Closed mthelee closed 2 years ago

mthelee commented 2 years ago

What are you trying to do?

Hi I have been using PyPortfolioOpt and Vectorbt for backtesting with portfolio optimization. However, I am confused in configuring the parameter for a long short strategy. For example, I would like to long the top 5 sharpe ratio and short the lowest 5.
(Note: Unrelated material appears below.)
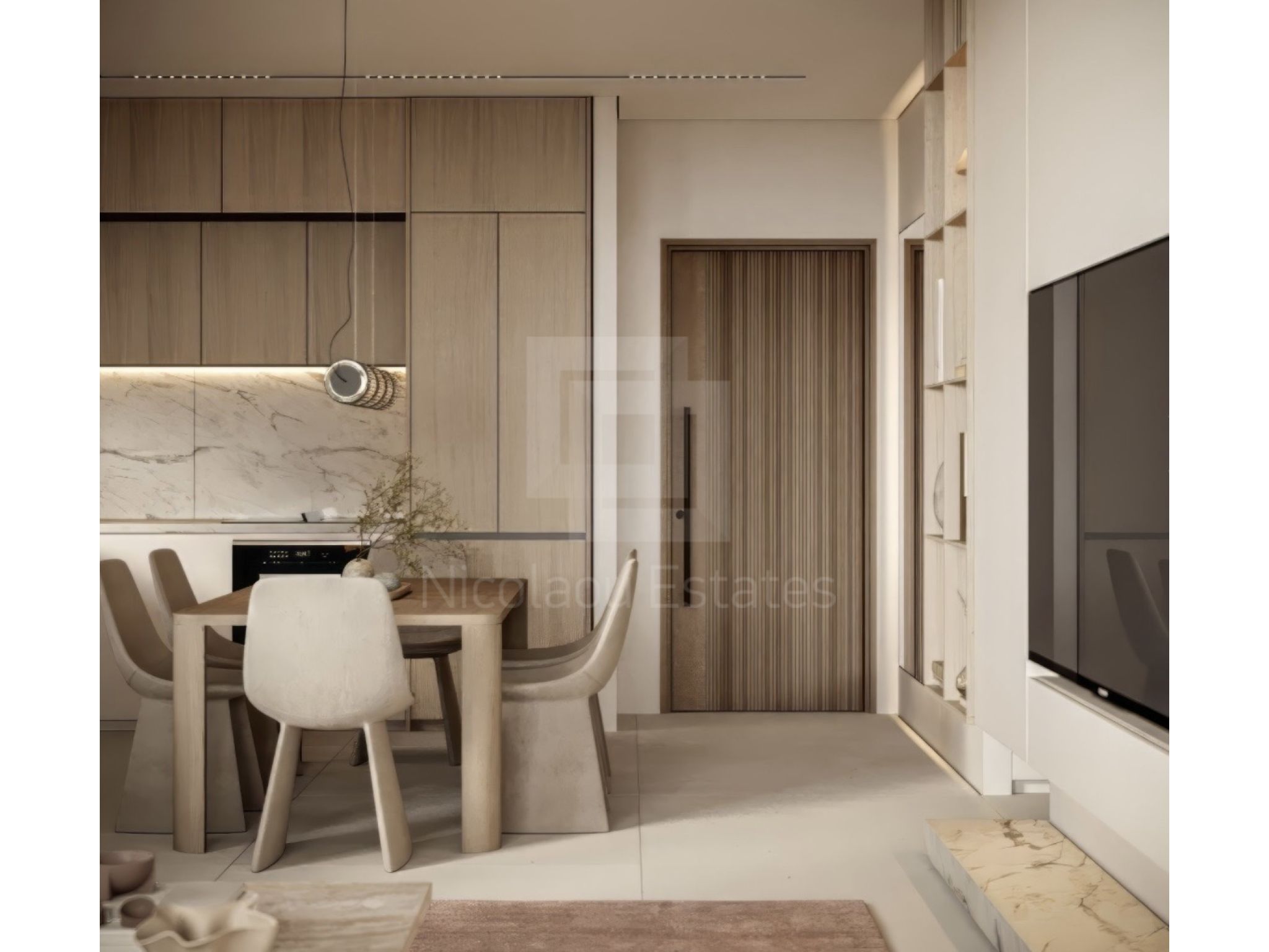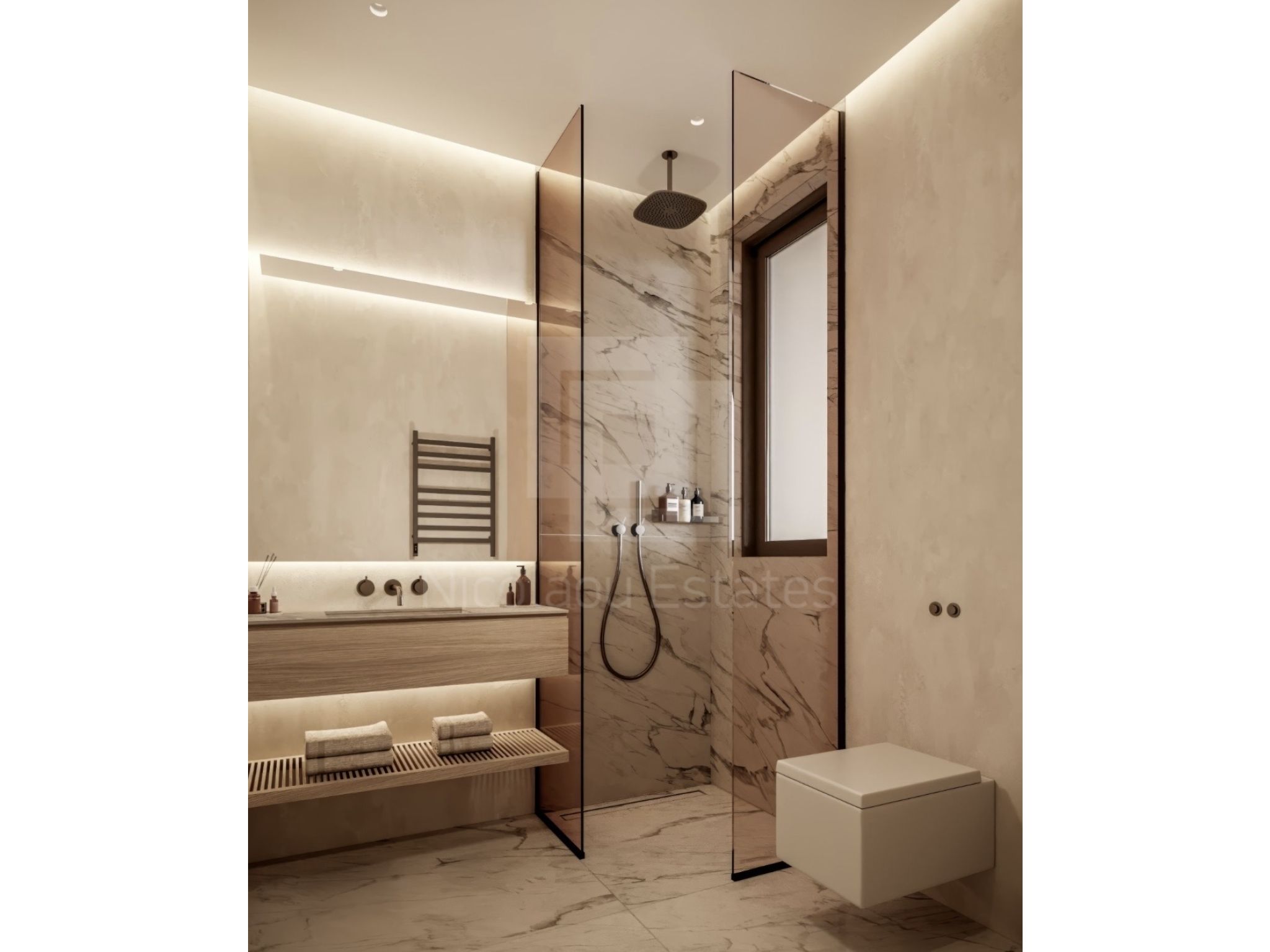 • Εντοιχισμένες ντουλάπες με αυτόματο κλείσιμο για εκλεπτυσμένη αποθήκευση

After I set the weight_bounds=(-1,1), and I set the short ratio in the DiscreteAllocation(clean_weights, latest_prices, total_portfolio_value=25000, short_ratio = 0.5), now I am unsure how to deal with the constraint, the min_weight and max_weight.

def pyopt_find_weights(sc, price, num_tests):  
    price = pd.DataFrame(price, columns=symbols)
    avg_returns = expected_returns.mean_historical_return(price)
    cov_mat = risk_models.CovarianceShrinkage(price).ledoit_wolf()
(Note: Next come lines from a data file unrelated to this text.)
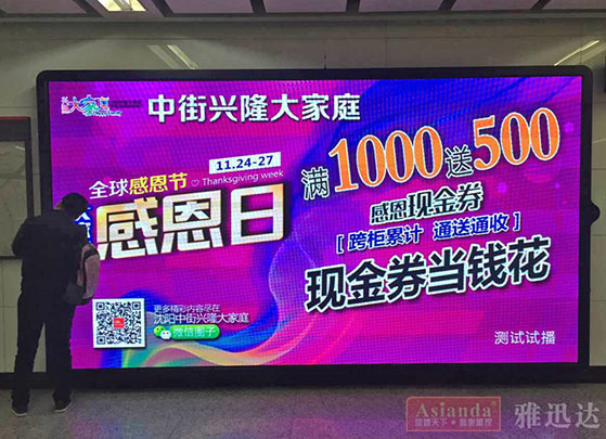 此次坐落在沈陽地鐵的液晶廣告大屏是在成都智元匯文化傳媒股份有限公司的指導(dǎo)下由深圳市雅迅達(dá)液晶顯示設(shè)備有限公司全程調(diào)試安裝的,這是繼上一次智元匯和雅迅達(dá)合作完成杭州地鐵項(xiàng)目之后,再一次將多媒體電子大屏搬上地鐵顯示信息化平臺。這其中就包括沈陽地鐵1號線、2號線奧體中心、東中街站、工業(yè)展覽館、火車站、青年大街、三臺子站、沈陽北站、鐵西廣場、于洪廣場站等在內(nèi)的地鐵廣告大屏項(xiàng)目。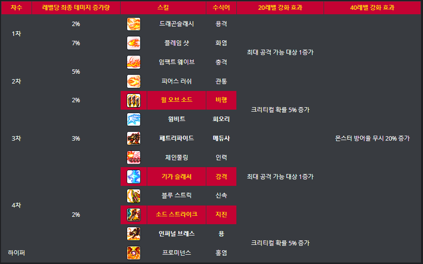 드래곤 슬래셔에 기가 슬래셔 강화 코어의 효과가 적용되기 때문이다. 그러나 본캐로 육성할 생각이라면 위의 3줄 코어를 포함해 페트리파이드/윙비트/인퍼널 브레스까지도 고려하는 것이 좋다. 물론 보스전에서는 윙비트만 유의미한 기여도를 보이므로, 코어 슬롯이 부족하다면 다른 공용 스킬 코어를 끼워 써도 된다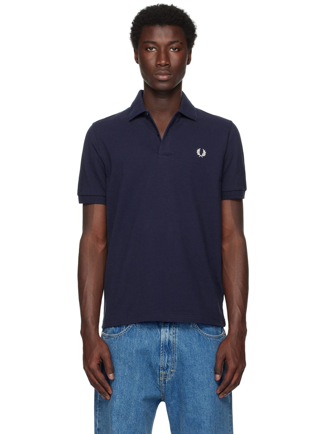 Cotton pique polo. · Rib-knit spread collar and cuffs · Two-button placket · Logo embroidered at chest Supplier color: Navy/Ice 100% cotton. Made in United Kingdom 252719M212001
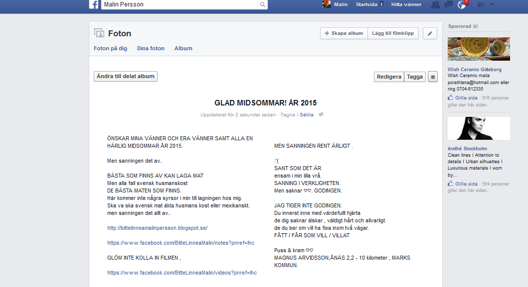 Jag skriver av REN ÄRLIGHET , HÅLLER MIG UPP RIKTIGT SANNING. OM VILL VETA MERA OM MIG. Hjärtligt Värlkomne. https://www.facebook.com/MalinLinneaPersson/about?lst=565694232%3A565694232%3A1508841446§ion=bio&pnref=about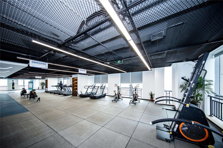锐强体育承建银行健身房,从测量场地,出具3D效果图到送货安装,都是锐强体育专业人员提供的标准化服务。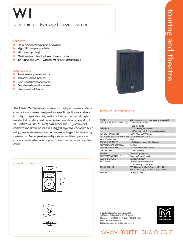 The Martin W1 Wavefront system is a high performance, ultracompact loudspeaker designed for specific applications where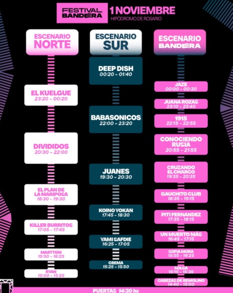 La sexta edición del Festival Bandera ya tiene todo listo. Este sábado 1 de noviembre, el Hipódromo de Rosario, en pleno Parque de la Independencia, volverá a convertirse en el epicentro de la música nacional e internacional con más de once horas de shows en vivo, tres escenarios y una grilla de 20 artistas.

    ef = EfficientFrontier(avg_returns, cov_mat, weight_bounds=(-1,1))

    min_weight, max_weight = -1, 1
    constraints=[
            # {"type": "eq", "fun": lambda w: np.sum(w) - 1},  # sum to 1
            {"type": "ineq", "fun": lambda w: w - min_weight},  # greater than min_weight
            {"type": "ineq", "fun": lambda w: max_weight - w},  # less than max_weight
        ]

    weights = ef.nonconvex_objective(
        objective_functions.sharpe_ratio,
        objective_args=(avg_returns, cov_mat),
        weights_sum_to_one=True,
        constraints = constraints
    )

    clean_weights = ef.clean_weights()
    weights = np.array([clean_weights[symbol] for symbol in symbols])
    best_sharpe_ratio = base_optimizer.portfolio_performance(weights, avg_returns, cov_mat)[2]
    latest_prices = get_latest_prices(price)
    da = DiscreteAllocation(clean_weights, latest_prices, total_portfolio_value=25000, short_ratio = 0.5)
    allocation, leftover = da.lp_portfolio(reinvest=True)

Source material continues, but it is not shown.